Write down exactly the lines from the one below that has "While it is" to the end of the data, both ends included; the pictures should not appear in your copy.

[[ Data shown open ]]

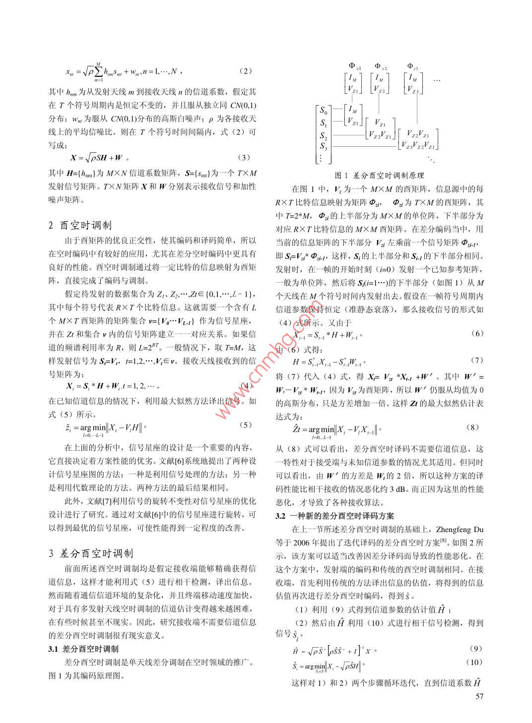 2009年第01期,第42卷通信技術(shù)Vol.42,No.01,2009總第205Communications TechnologyNo 205, Totally差分酉空時調(diào)制李慶坤,馬紅光,李正生第二炮兵工程學(xué)院,陜西西安710025)【摘要】總結(jié)了差分酉空時調(diào)制的原理和編譯碼方法。差分酉空時調(diào)制是多輸入多輸出(MIM0)無線通信中不需要信道信息的一種調(diào)制方法,它的性能比相干檢測接收差3dB。文中首先介紹了酉空時調(diào)制的基本原理和在各種信噪比下的信號星座圖的設(shè)計原則;然后在此基礎(chǔ)上介紹了不需要信道信息的差分酉空時調(diào)制;最后介紹了差分酉空時調(diào)制的最新進(jìn)展,指出了其研究方向【關(guān)鍵詞】多輸入多輸出;差分酉空時調(diào)制;信號星座;迭代【中圖分類號】TN911.22【文獻(xiàn)標(biāo)識碼】A【文章編號】1002-0802(2009)01-0056-03Differential Unitary Space-Time ModulationLI Qing-kun, MA Hong-guang, LI Zheng-sheng(The Second Artillery Engineering College, Xi'an Shaanxi 710025, China)(Abstract) This paper summarizes the principle, coding and decoding of Differential Unitary Space-Time Coding(DUSTC). DUSTC is a modulation for the MIMO when the channel state information (CSI) is absent. The performanceof dUStC is degraded 3dB as compared to the coherent receiver. This paper first presents the basic principle andthe design criterion for the signal constellations under the different Signal-Noise Ratio, and then describesthe dustc demanding no CSI. Finally, this paper points out the recent advancements and the development directionof the dustc(Key words] MIMO: DUSTC: signal constellation: iterati0引言獻(xiàn)[45]表明,酉空時調(diào)制是高信噪比下一種達(dá)到信道容量的信息論,多輸入多輸岀( MIMO)系統(tǒng)能夠顯著地提高信最佳調(diào)制方法。本文綜述了酉空時調(diào)制編碼的原理、設(shè)計原道容量2。MMO技術(shù)中的空時編碼技術(shù)通過將時間分集和則和發(fā)展方向??臻g分集結(jié)合起來,分別在時域和空域引入冗余,提高了系統(tǒng)的傳輸性能。在接收端能夠得到精確信道信息的情況下,1系統(tǒng)模型mou空時分組碼已有令人滿意的使用效果3,并已經(jīng)納假設(shè)通信系統(tǒng)發(fā)送端和接收端的天線數(shù)目分別為入3GPP標(biāo)準(zhǔn)T′是信道相干時間,表示該信道在T′個符號周期內(nèi)可以認(rèn)但是,在信道特性快速變化的移動環(huán)境中進(jìn)行有效的信為其信道衰落系數(shù)保持恒定。T是信號星座中酉矩陣的時間道估計是很困難的,在某些情況下甚至是不現(xiàn)實的。因此研維長度,T2時,MPSK存在信號擴(kuò)展,而且對于復(fù)信號很難應(yīng)用于發(fā)射天線數(shù)大于2的系統(tǒng):有關(guān)文接收天線n在t時刻的接收信號可表示為收稿日期:2008-04-28。作者簡介:李慶坤(1976-),男,博士研究生,主要研究方向為MMO技術(shù)、空時編碼技術(shù)等:馬紅光,(1959-),男,教授,主要研究方向為信號與信息處理:李正生,(1957-),男,教授,主要研究方向為信號與信息處理。h sn=1,…,N其中hm為從發(fā)射天線m到接收天線n的信道系數(shù),假定其在T個符號周期內(nèi)是恒定不變的,并且服從獨立同CNO.1)分布;wnm為服從CNO,1)分布的高斯白噪聲;p為各接收天S線上的平均信噪比。則在T個符號時間間隔內(nèi),式(2)可22v2S3Vz3Vz2vzi其中H={hm}為MN信道系數(shù)矩陣,S={sm}為一個T×M圖1差分西空時調(diào)制原理發(fā)射信號矩陣。T×N矩陣X和W分別表示接收信號和加性在圖1中,V為一個M×M的酉矩陣,信息源中的每噪聲矩陣。R×T比特信息映射為矩陣Φ,φ為T×M的酉矩陣,其中T=2*M,中3的上半部分為MXM的單位陣,下半部分為2酉空時調(diào)制對應(yīng)R×T比特信息的M×M酉矩陣。在差分編碼當(dāng)中,用由于酉矩陣的優(yōu)良正交性,使其編碼和譯碼簡單,所以當(dāng)前的信息矩陣的下半部分v左乘前一個信號矩陣,在空時編碼中有較好的應(yīng)用,尤其在差分空時編碼中更具有即s=V*,這樣,S1的上半部分和S1的下半部分相同。良好的性能。酉空時調(diào)制通過將一定比特的信息映射為酉矩發(fā)射時,在一幀的開始時刻(i=0)發(fā)射一個已知參考矩陣,陣,直接完成了編碼與調(diào)制。一般為單位陣,然后將Si=1…)的下半部分(如圖1)從M假定待發(fā)射的數(shù)據(jù)集合為Z1、Z2,…,∈{0,1…,L-1},個天線在M個符號時間內(nèi)發(fā)射出去。假設(shè)在一幀符號周期內(nèi)其中每個符號代表RXT個比特信息。這就需要一個含有L信道參數(shù)保持恒定(準(zhǔn)靜態(tài)衰落),那么接收信號的形式如個MXT酉矩陣的矩陣集合v={V…VL}作為信號星座(4)式所示。又由于并在Z和集合v內(nèi)的信號矩陣建立一一對應(yīng)關(guān)系。如果信道的頻譜利用率為R,則L=2。一般情況下,取T=M,這由(6)式得:樣發(fā)射信號為S=V,1=1,2,…,V∈ν。接收天線接收到的信S號矩陣為將(7)代入(4)式,得X=V*X1+W。其中W′=X,=S*H+H,t=1,2,…W-V*W1,因為V為酉矩陣,所以W′仍服從均值為0在已知信道信息的情況下,利用最大似然方法譯出信號。如的高斯分布,只是方差增加一倍。這樣Z的最大似然估計表式(5)所示達(dá)式為2,=arg)x, -V,HlZt=argminlX, -V, x,l(8)l=0…L-1=0.L-1在上面的分析中,信號星座的設(shè)計是一個重要的內(nèi)容,從(8)式可以看出,差分酉空時譯碼不需要信道信息,這它直接決定著方案性能的優(yōu)劣。文獻(xiàn)6系統(tǒng)地提出了兩種設(shè)特性對于接受端與未知信道參數(shù)的情況尤其適用
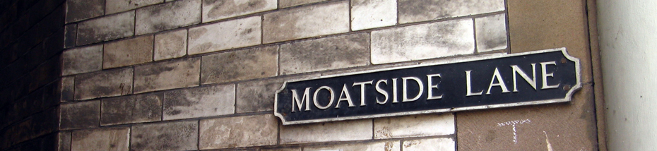 While it is difficult to appreciate the dry moat today, the line it followed has been preserved in the form of Moatside Lane, whose tunnel-like nature is due to its original function.
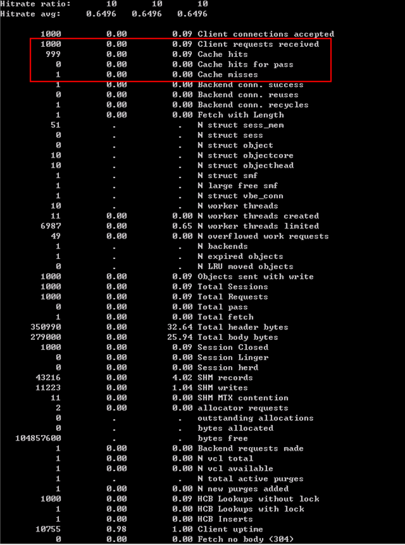 可以使用varnishstat命令,對varnish進(jìn)行監(jiān)控,在上面的壓力測試中,如果我們使用監(jiān)控,得到的結(jié)果如下:
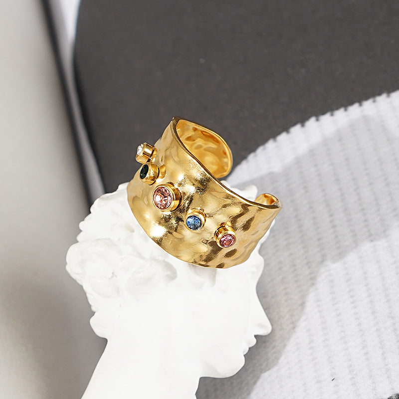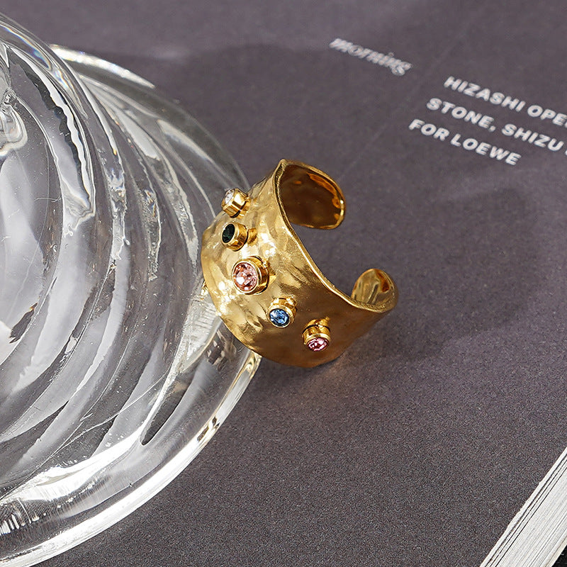 18k Gold Plated Titanium Steel Multicolor Zircon Open Band Ring

[[ Data shown closed ]]

Final answer:
 While it is difficult to appreciate the dry moat today, the line it followed has been preserved in the form of Moatside Lane, whose tunnel-like nature is due to its original function.
 可以使用varnishstat命令,對varnish進(jìn)行監(jiān)控,在上面的壓力測試中,如果我們使用監(jiān)控,得到的結(jié)果如下:
 18k Gold Plated Titanium Steel Multicolor Zircon Open Band Ring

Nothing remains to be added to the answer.